Me: I wish I was super hot.
Menopause: Say no more, fam.
Cat doesn’t realize if he succeeds in tripping me on the way downstairs to feed him, we all die.
I hope people think my toddler has a slight English accent bc we’re so cultured and not bc she’s basically been raised by Peppa Pig
The easiest way to burn fat is cremation.
What’s the past tense of “wake & bake”?
“Woke and boke”?
“Awake and baked”?
“Awakened and baconed”?Whatever it is, I’m that
Once upon a time, I’d leave my seat early at a concert or sporting event so I could beat the traffic.
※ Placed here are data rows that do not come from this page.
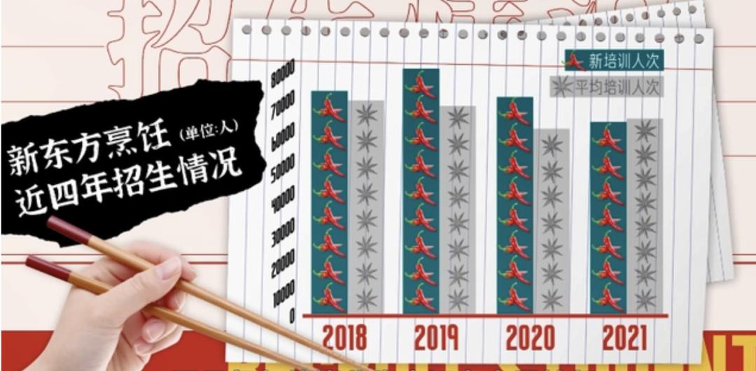 但就是这么大的缺口下,当年火爆电视的新东方烹饪教育,却招不到学员。培训人次逐年递减,每年的毕业生中还有大量转行。
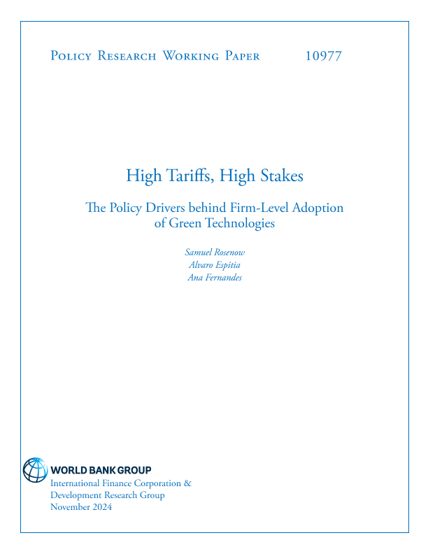 【International Finance Corporation&Development Research Group】【2024】High Tariffs, High Stakes The Policy Drivers behind Firm-Level Adoption of Green Technologies-71页
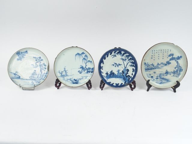 Lot de quatre coupes en porcelaine bleu blanc de Hue, l’une à décor d’un dignitaire et son serviteur avec poème faisant « l’éloge du lotus » avec marque apocryphe Yongzheng , une coupe à décor d’un pêcheur sur un arbre avec marque apocryphe Yongzheng , une coupe à décor d’un diable qui supplie un dignitaire , une coupe à décor de deux daims sous des bambous avec marque He Ming. Hue, XVIIIe siècle (Accidents) Diam. 17,6 à 20,5 cm
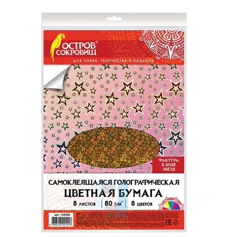 Цветная бумага, А4, ГОЛОГРАФИЧЕСКАЯ САМОКЛЕЯЩАЯСЯ, 8 листов 8 цветов, "ЗВЕЗДОЧКИ", ОСТРОВ СОКРОВИЩ, 129286
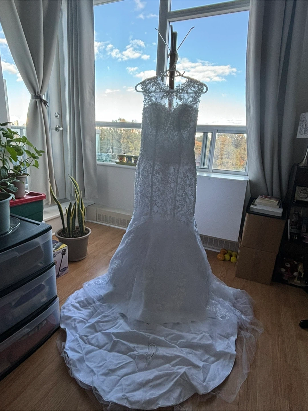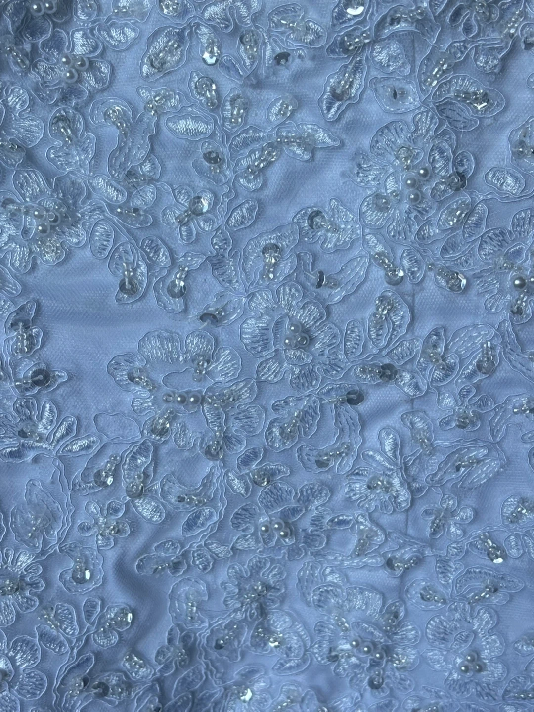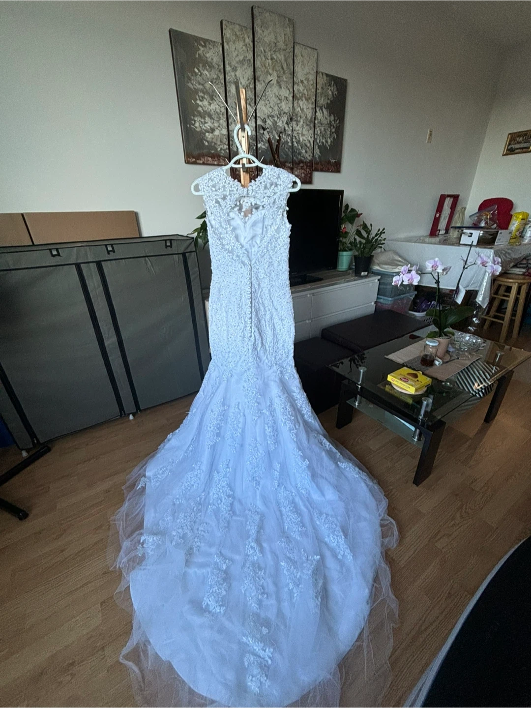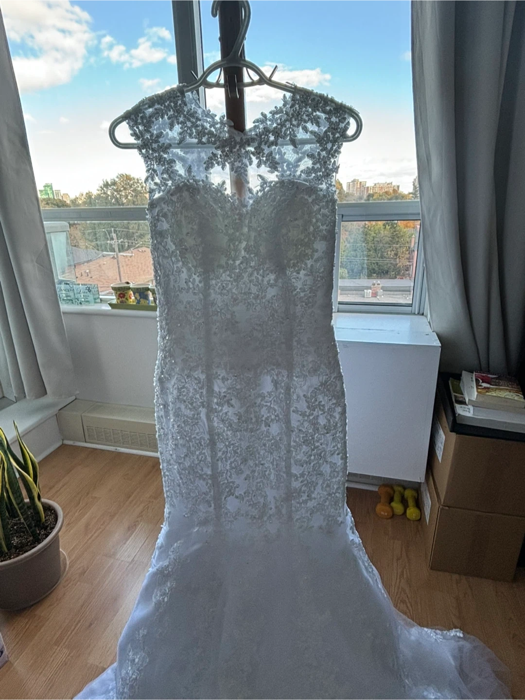 Beautiful white wedding dress with intricate lace detailing. Perfect for your special day!
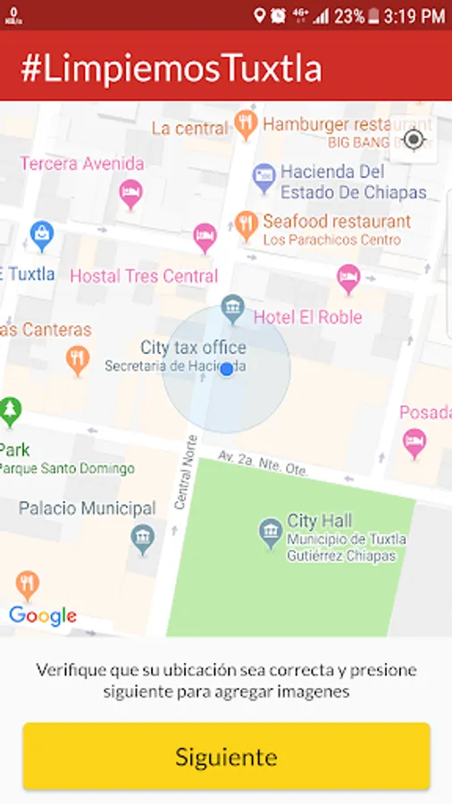 Application for the ecological campaign of Limpiemos Tuxtla, where the citizen can take and send photographs of the areas with a before and after.
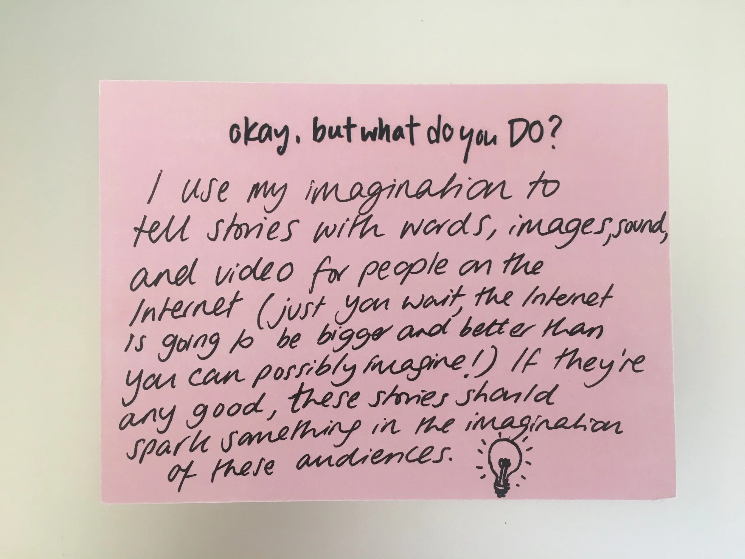 Okay, But What Do You Do?: I use my imagination to tell stories with words, images, sound, and video for people on the internet (just you wait, the internet is going to be bigger and better than you can possibly imagine!) If they’re any good, these stories should spark something in the imagination of these audiences.
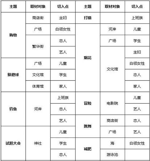2、首先是是主题为:购物、打猎、烟花、躲避球、冒险。跳舞、减肥、试胆大会、钓鱼的的
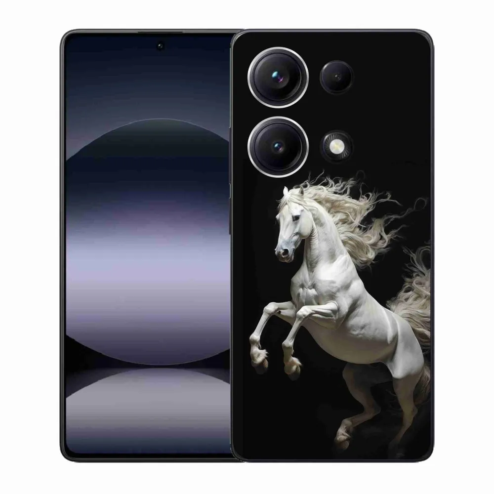 Pružný gélový obal mmCase s obrázkom na Xiaomi Redmi Note 14S - biely kôň 4
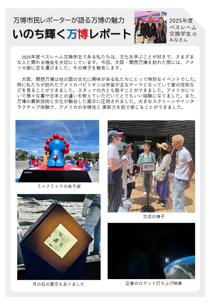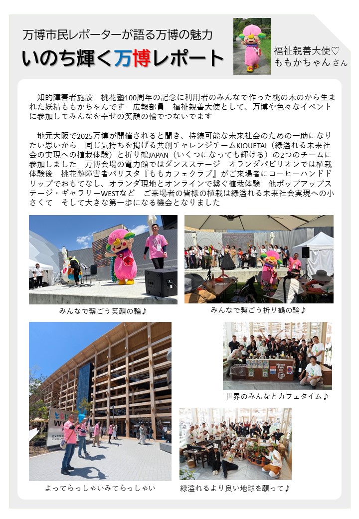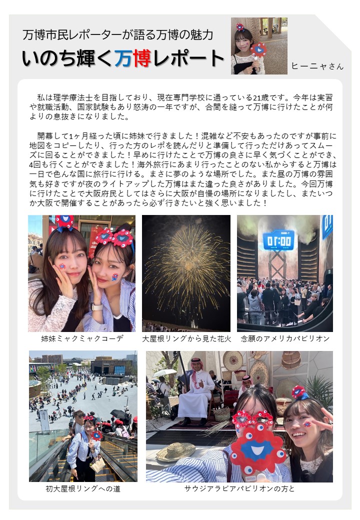 本市では、大阪・関西万博の開催期間中、市民の皆さんから、大阪・関西万博にかける思いや実際に会場へ行かれた体験談を写真とともにレポートしていただく「万博市民レポーター」を募集しました。
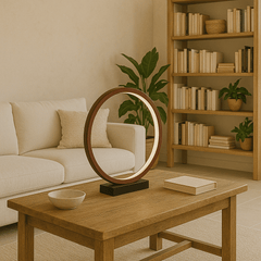 LAMPA STOŁOWA RAVELLA S OBRĘCZ BRĄZOWA IMITACJA DREWNA PODSTAWA CZARNY MARMUR
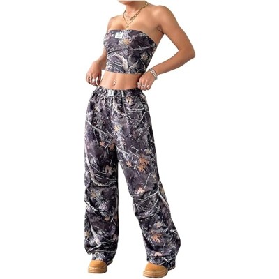 Women's Camo 2 Piece Sets Strapless Baneau Tube Top and Wide Leg Cargo Pants Set Crop Tops Set Summer Outfit
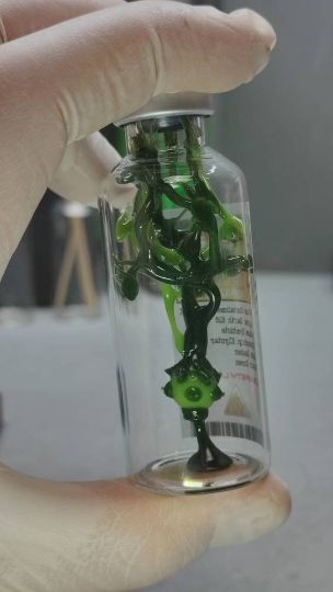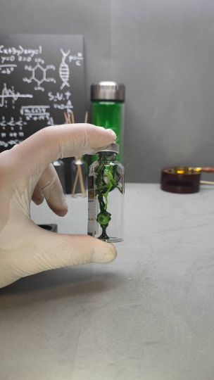 Vial inspirado en los cómics de Marvel. En el se encierra el simbionte Venom, uno de los grandes enemigos de Spider-Man. Está realizado en un vial de 30 ml de vidrio de grado médico y sellado como tal. Tiene una altura de 7 cm y el simbionte en su interior está realizado a mano desde el interior. Cada simbionte es diferente, no hay dos iguales! Un objeto alucinante para los fans de Marvel.

Nowadays, it’s probably because I need to beat the queue for the toilet.
All underwear is edible if you aren’t a coward
And is this “year-end bonus” in the room with us right now?
[planning heist]
LEADER: we can kill the alarm, but how do we get through the concrete wall?
*everyone turns to look at the kool-aid man*
ME: [repeatedly trying, and failing, to film a successful water bottle flip]
DAVID ATTENBOROUGH: experts project extinction for this species
IDEA: an app that tells you where that bruise came from.
I once saw a man walk barefoot across hot coals, and I thought, wow, he could’ve just walked around those. Idiot.
The worst thing about life is getting comfortable and then realizing that you don’t have the remote.